• _WORK ORDER_:
Please, from the entries below, transcribe exactly the lines that begin at the line with "Two 1/4lb. burgers" and end at the line with "Incontra regolarmente il", without the pictures.

• _ENTRIES SHOWN_:
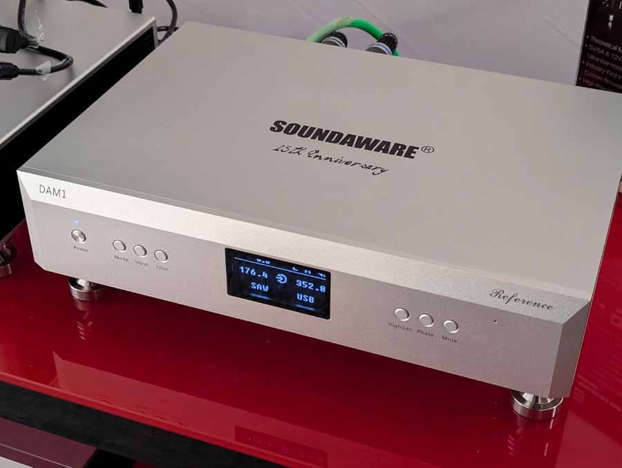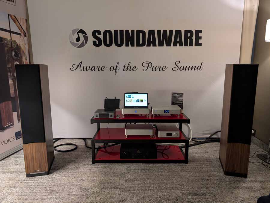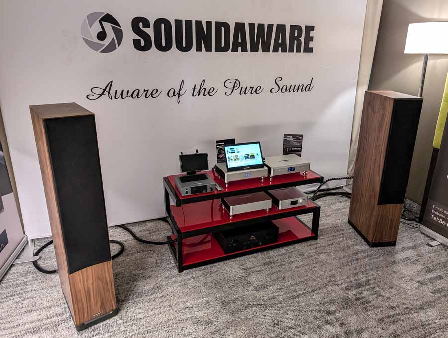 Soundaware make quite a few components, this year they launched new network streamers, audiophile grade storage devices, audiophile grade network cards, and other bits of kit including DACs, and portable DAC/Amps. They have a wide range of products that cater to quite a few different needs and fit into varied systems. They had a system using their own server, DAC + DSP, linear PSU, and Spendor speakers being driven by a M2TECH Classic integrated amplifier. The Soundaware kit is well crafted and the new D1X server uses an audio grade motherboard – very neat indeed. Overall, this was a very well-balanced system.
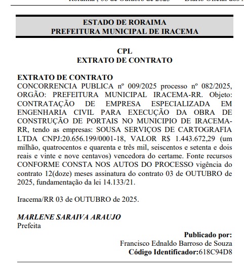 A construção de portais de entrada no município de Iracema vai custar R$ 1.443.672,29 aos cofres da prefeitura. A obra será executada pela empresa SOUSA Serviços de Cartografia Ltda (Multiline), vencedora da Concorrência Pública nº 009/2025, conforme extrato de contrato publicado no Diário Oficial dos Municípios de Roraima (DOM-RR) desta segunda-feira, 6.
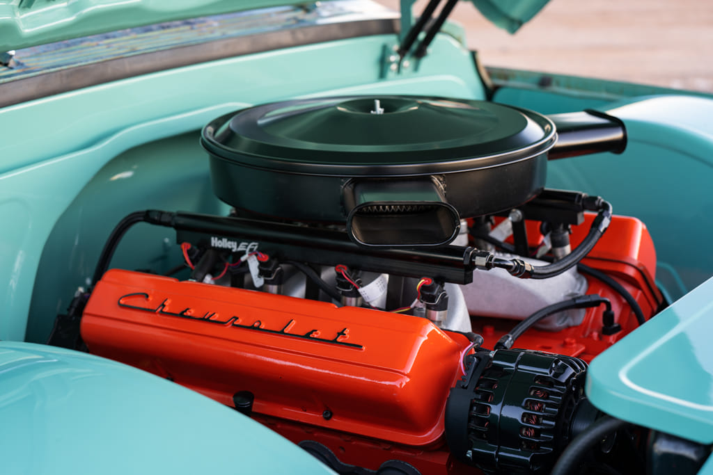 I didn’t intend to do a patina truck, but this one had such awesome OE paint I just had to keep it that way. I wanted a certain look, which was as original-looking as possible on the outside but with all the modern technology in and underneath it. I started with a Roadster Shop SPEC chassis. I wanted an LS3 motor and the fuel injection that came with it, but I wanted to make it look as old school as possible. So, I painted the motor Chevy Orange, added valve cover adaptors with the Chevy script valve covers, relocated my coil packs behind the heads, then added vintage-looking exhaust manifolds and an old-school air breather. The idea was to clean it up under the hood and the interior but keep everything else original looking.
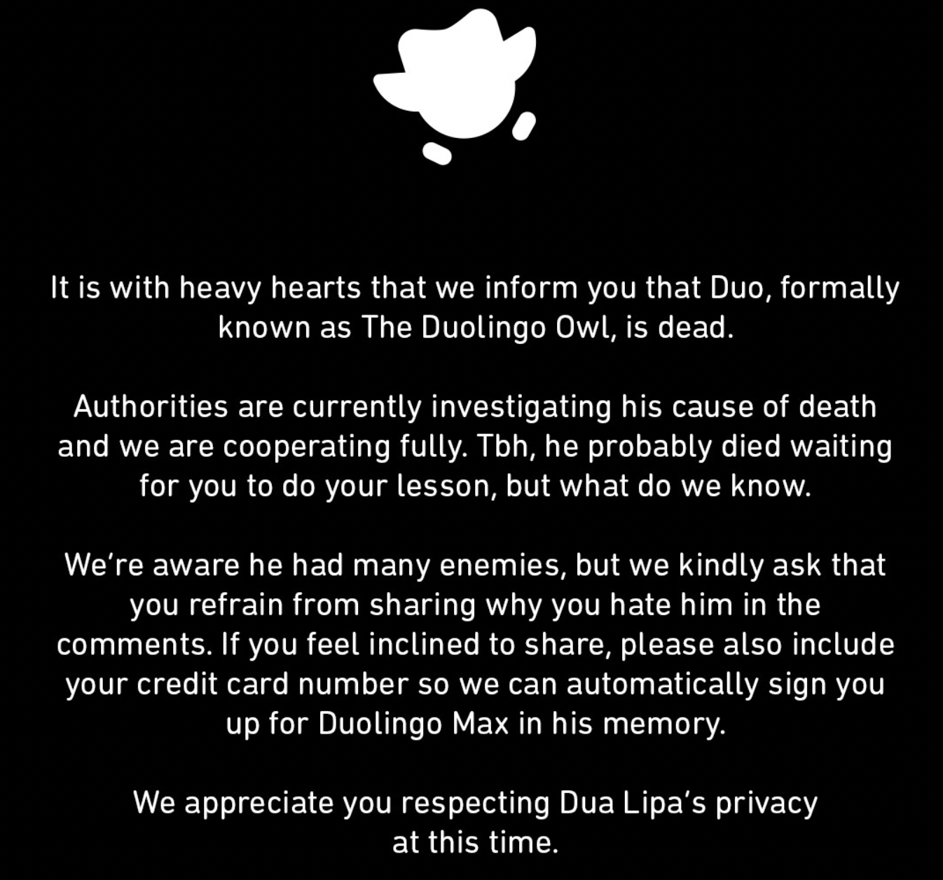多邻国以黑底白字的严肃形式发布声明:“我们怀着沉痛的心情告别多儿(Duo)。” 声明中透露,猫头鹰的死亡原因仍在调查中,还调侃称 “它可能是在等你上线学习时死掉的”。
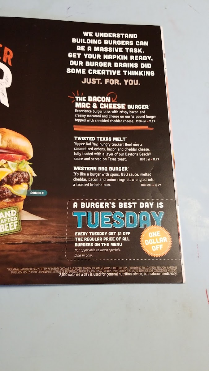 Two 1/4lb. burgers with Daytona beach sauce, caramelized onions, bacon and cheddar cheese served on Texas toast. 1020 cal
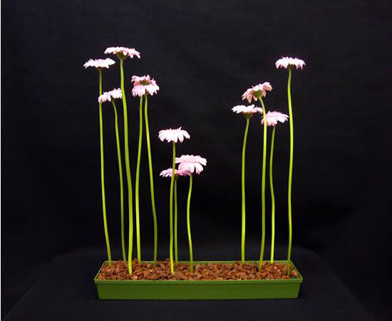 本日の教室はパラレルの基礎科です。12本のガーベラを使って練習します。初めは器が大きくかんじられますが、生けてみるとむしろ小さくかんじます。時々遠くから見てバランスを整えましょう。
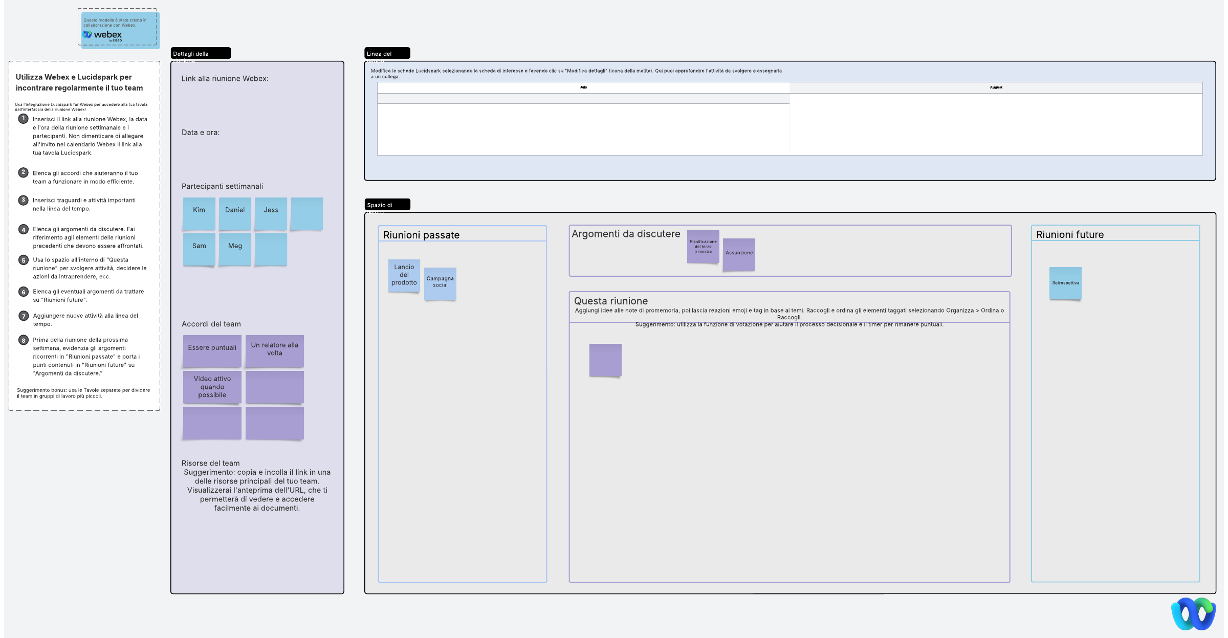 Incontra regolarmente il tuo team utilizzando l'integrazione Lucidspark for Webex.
...
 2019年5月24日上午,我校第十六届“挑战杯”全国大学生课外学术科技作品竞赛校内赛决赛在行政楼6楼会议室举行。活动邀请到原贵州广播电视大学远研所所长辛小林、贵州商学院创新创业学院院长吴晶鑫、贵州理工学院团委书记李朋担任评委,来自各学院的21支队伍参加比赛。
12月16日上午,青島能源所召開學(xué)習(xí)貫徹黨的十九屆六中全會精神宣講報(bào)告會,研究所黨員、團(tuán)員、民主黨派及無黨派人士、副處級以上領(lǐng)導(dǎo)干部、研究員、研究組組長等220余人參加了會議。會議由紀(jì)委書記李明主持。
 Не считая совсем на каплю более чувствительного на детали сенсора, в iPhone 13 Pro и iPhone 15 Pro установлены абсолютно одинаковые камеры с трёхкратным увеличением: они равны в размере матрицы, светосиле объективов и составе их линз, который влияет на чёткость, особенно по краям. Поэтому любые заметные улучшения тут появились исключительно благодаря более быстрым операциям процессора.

• _YOUR SOLUTION_:
 Two 1/4lb. burgers with Daytona beach sauce, caramelized onions, bacon and cheddar cheese served on Texas toast. 1020 cal
 本日の教室はパラレルの基礎科です。12本のガーベラを使って練習します。初めは器が大きくかんじられますが、生けてみるとむしろ小さくかんじます。時々遠くから見てバランスを整えましょう。
 Incontra regolarmente il tuo team utilizzando l'integrazione Lucidspark for Webex.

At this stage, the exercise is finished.